* _Given information_
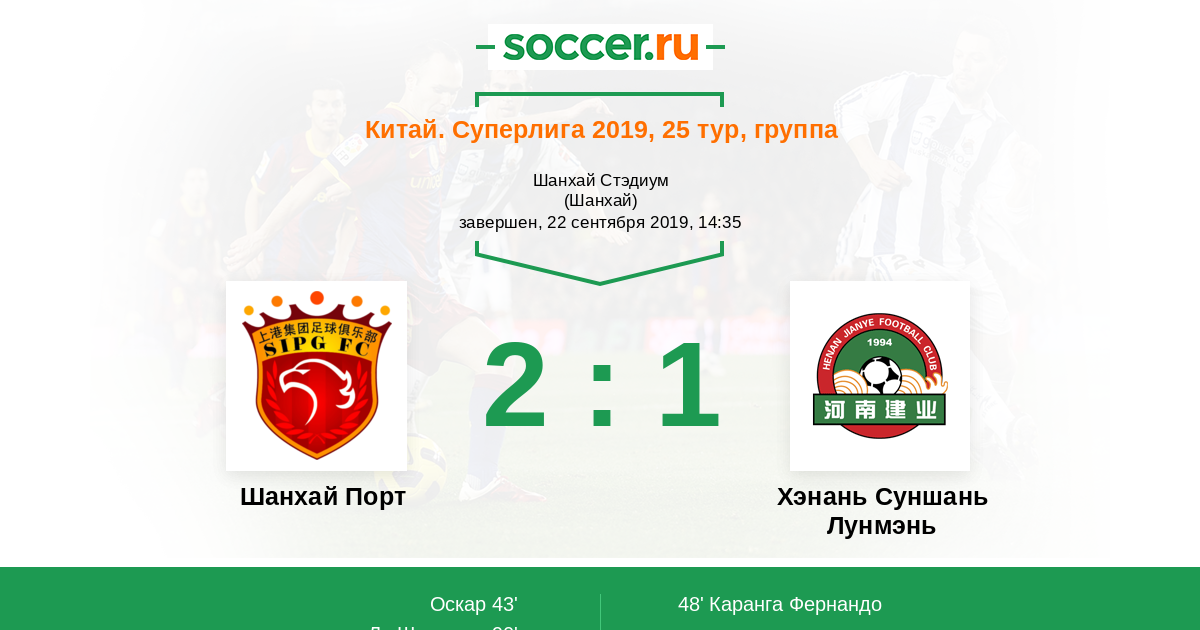Протокол матча Шанхай Порт против Хэнань Суншань Лунмэнь
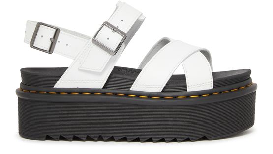 • Description : Open round toe, notched sole, buckled ankle strap, back strap with buckle, contrast stitching.
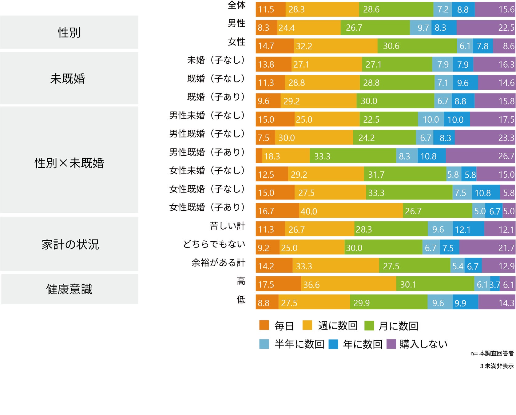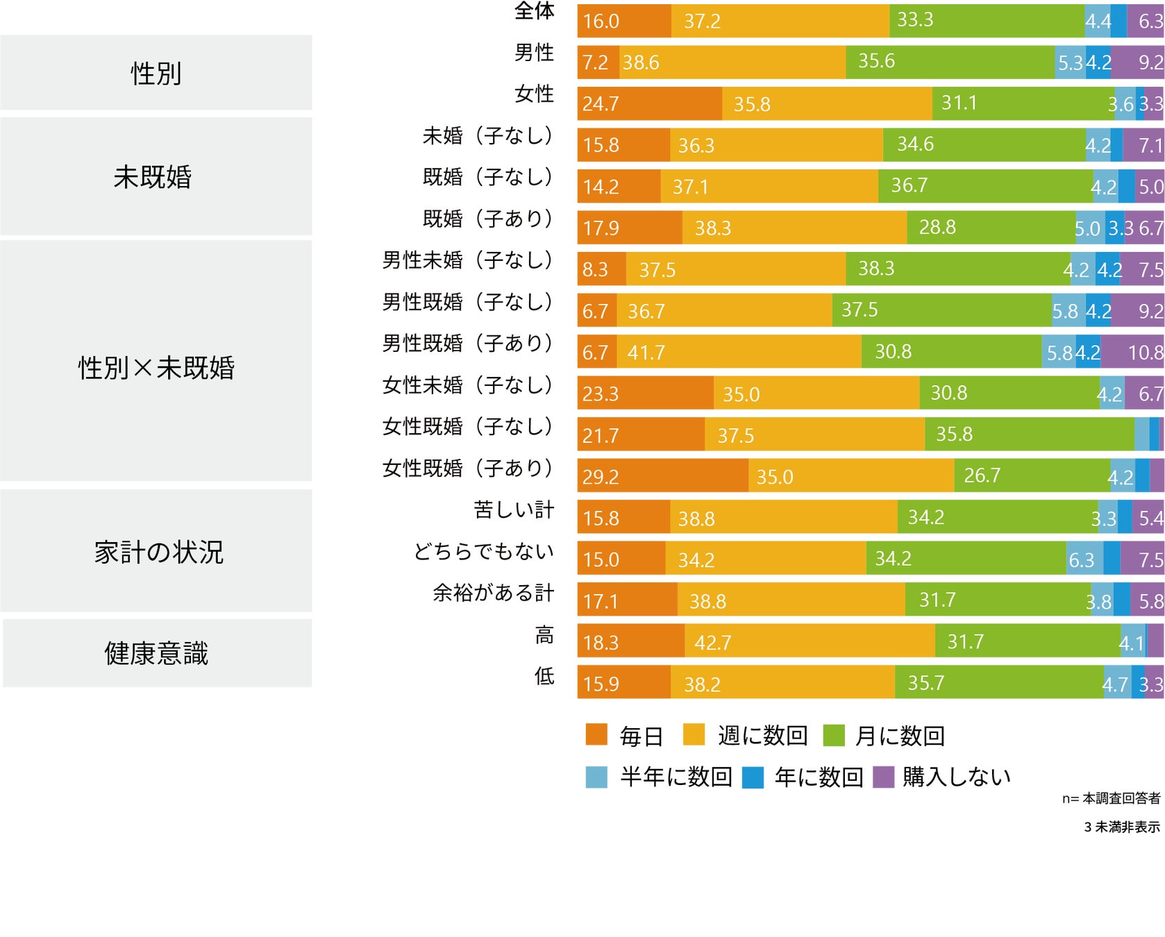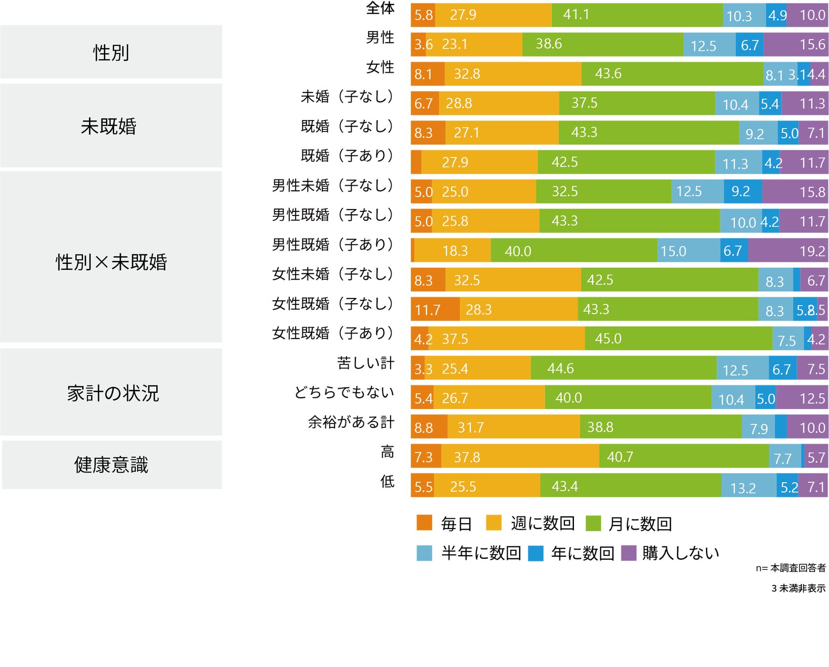 男性既婚(子あり)層の「購入しない」割合が他の層より高いのに対し、女性既婚(子あり)層は「週に数回」「毎日」購入する割合が他より高い。

* _Instructions for the task_
The finished answer is an exact repetition of the listing, with every picture removed.

* _Written response_
Протокол матча Шанхай Порт против Хэнань Суншань Лунмэнь
 • Description : Open round toe, notched sole, buckled ankle strap, back strap with buckle, contrast stitching.
 男性既婚(子あり)層の「購入しない」割合が他の層より高いのに対し、女性既婚(子あり)層は「週に数回」「毎日」購入する割合が他より高い。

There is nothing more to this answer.